Historic site in Jones County, Iowa

The Anamosa State Penitentiary Cemetery, also known as the Iowa Men's Reformatory Cemetery or Boot Hill Cemetery, is located west of Anamosa, Iowa, United States. The first cemetery associated with the Iowa Men's Reformatory, now a penitentiary, was begun in 1876 at Prison Farm No. 1 or possibly at Farm No. 5. Its exact location is unknown. The graves are of those prisoners whose bodies were left unclaimed or were not taken to one of the state's medical colleges. They were buried in common graves that contained up to eight bodies. Tall limestone markers were placed at each grave and contained the prisoner's name and death date.
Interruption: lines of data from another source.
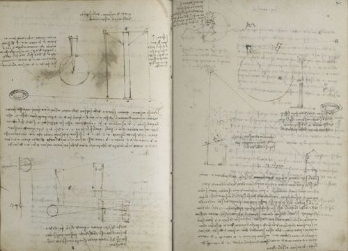 Paris Manuscript A, Folio 20v and 21r, by Leonardo da Vinci, Institut de France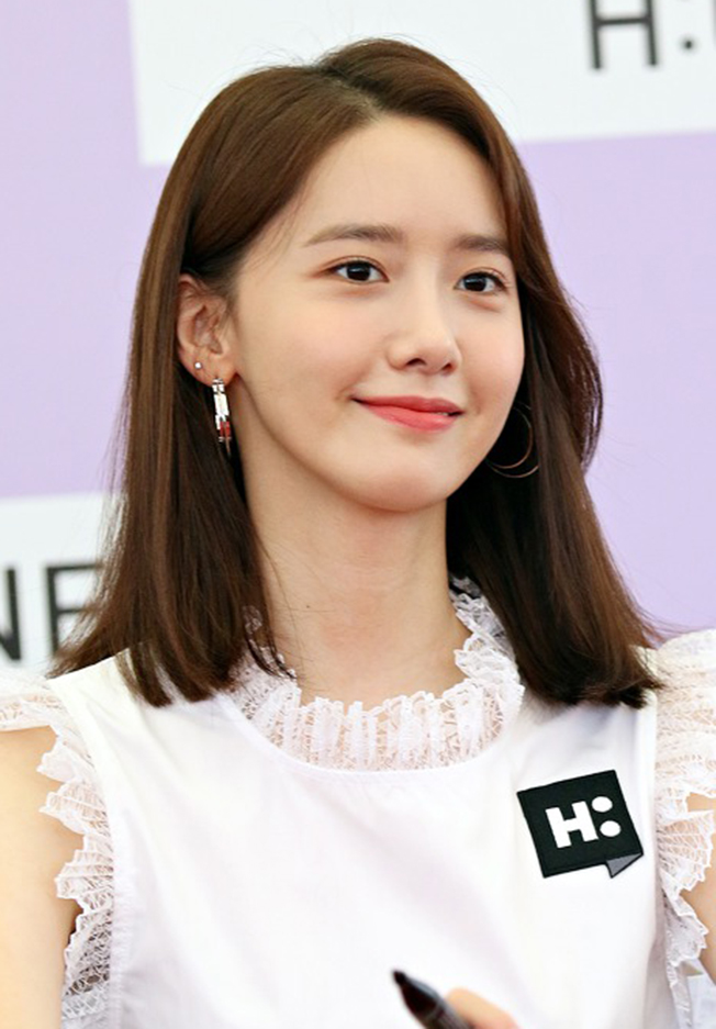 180721 H:Connect Yoona in Singapore.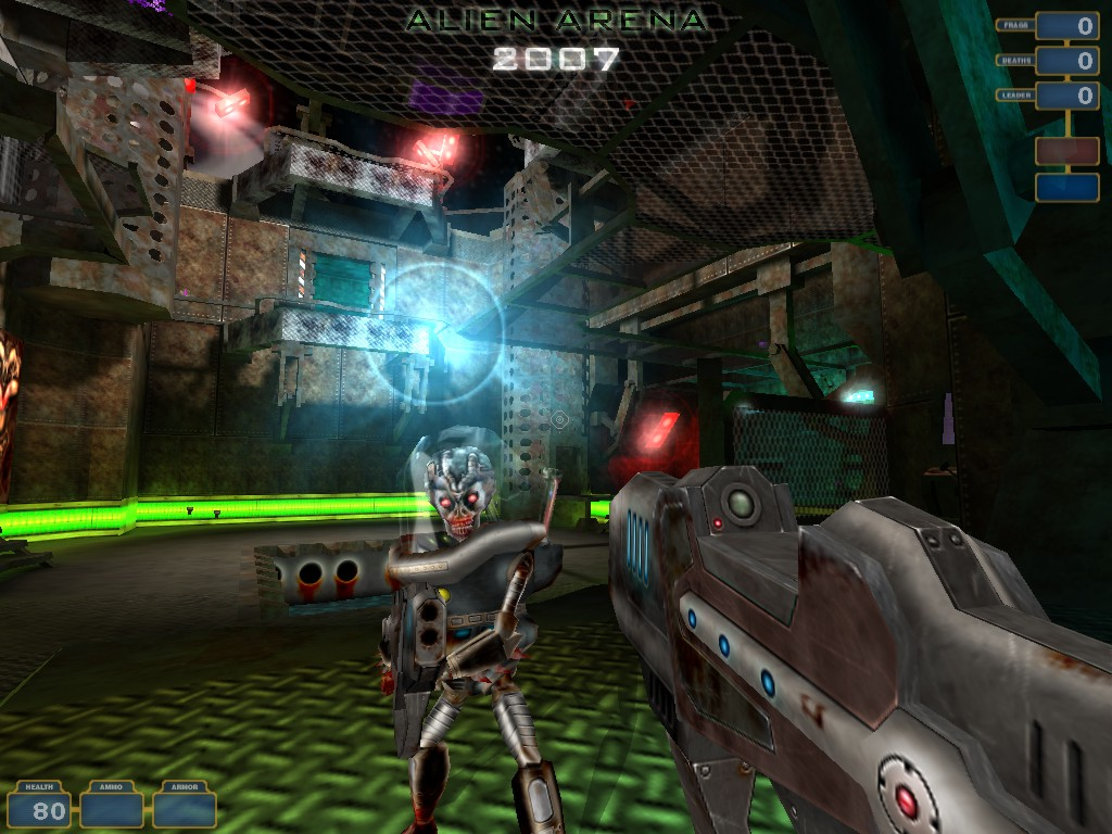 Screenshot from CodeRED: Alien Arena 2007 - Dm-deimos.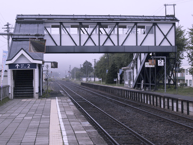 Biei Station in Biei, Hokkaidō, Japan.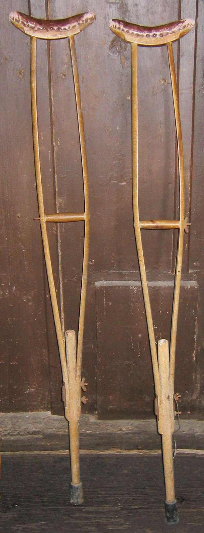 Crooks/crutches at the Freilichtmuseum Neuhausen ob Eck

They were moved here when this cemetery was established in 1914. Subsequent graves hold individual bodies, and are marked with shorter limestone markers with the prisoner's name, age, date of death, and sometimes their prison number. They are in three different styles. Two styles are upright stones, one with a triangular top and the other with a rounded top. They were used from 1914 to the 1940s. The third style of stone is a flat, horizontal marker that was used from the 1940s to the present.

The cemetery is a triangular piece of land located on Farm No. 1 with the graves arranged in rows at an angle. It is marked with an iron entrance gate with the words "Anamosa State Penitentiary Cemetery" across the top. It is surrounded by a white fence. The cemetery was listed as a historic site on the National Register of Historic Places in 1992.